The system also allowed the park to deal with extensive construction projects in Yosemite Valley as well as address an ongoing issue of overcrowding.

Yosemite National Park officials announced the decision to drop the reservation system earlier this month.

There have been times in the past two decades — even without construction work on the valley floor where more than 90 percent of park visitors spend their entire visit — when traffic congestion was worse than in downtown San Francisco during rush hour.

Critics have argued for years that allowing such overuse creates issues for the park’s ecological system and dilutes the overall park experience.

Those on the other side of coin favoring not capping vehicles allowed into the park as they believe the National Park Service shouldn’t be in the business of blocking access to public lands.

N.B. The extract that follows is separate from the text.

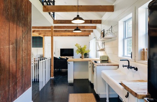 Large cottage with a main bedroom including a queen bed plus with a soaking tub room, and a large second floor loft with a queen bed. Well appointed kitchen with a stove top, toaster oven, microwave and fridge. Living room and dining area and lounge area finish off this separate cottage on the hotel's 7 acres of grasslands, pond, and large swimming pool. The hotel offers a bar and restaurant with locally sourced ingredients during your long weekend stays.
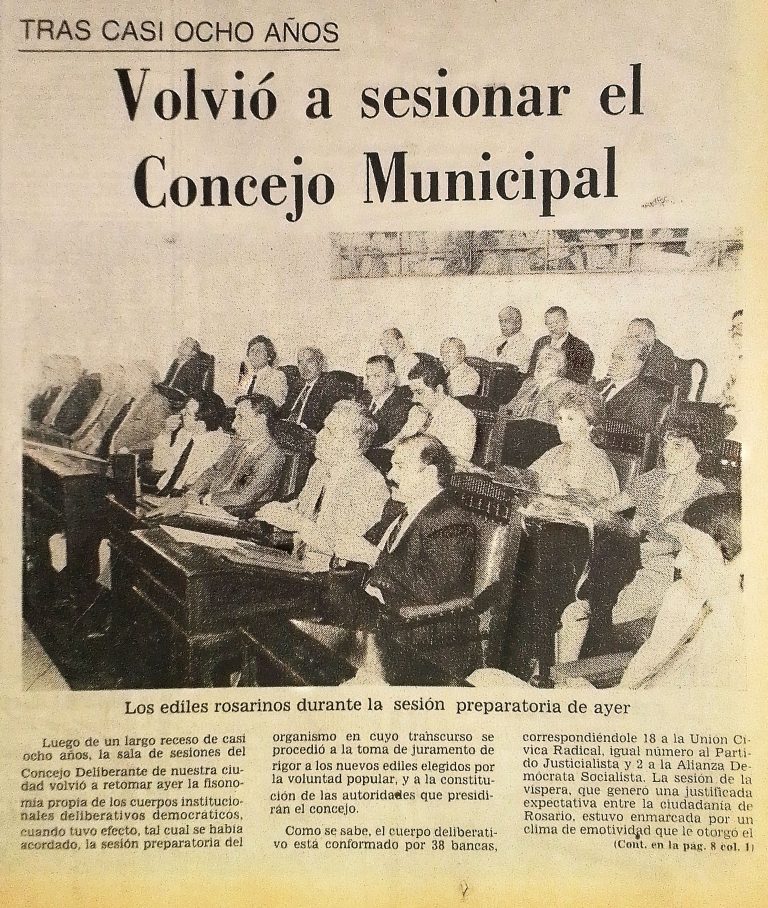 El Concejo de ese período estaba compuesto por 38 ediles, con igual cantidad de bancas para la UCR y el Partido Justicialista, y dos para la Alianza Demócrata Socialista.

The dropping of the reservation system doesn’t mean access restrictions won’t ever be in place. The park — before the reservation system was in place — would close access at the three main entrances when the valley was determined to be full.

That practice will continue.

A few years back officials looked at options such a banning all private vehicles from the park.

They envisioned a bus shuttle system from large parking lots outside the park boundaries to ferry people into Yosemite Valley and other locations within the park.

Yosemite in 2021 had 3.29 million visitors.

Attendance peaked in 2016 with 5.03 million visitors. There were 2.02 million visitors in 2019 during the first year reservations were required.

Access to Yosemite National Park requires paying a $35 entrance fee per vehicle that is good for seven days. There are also an annual pass available.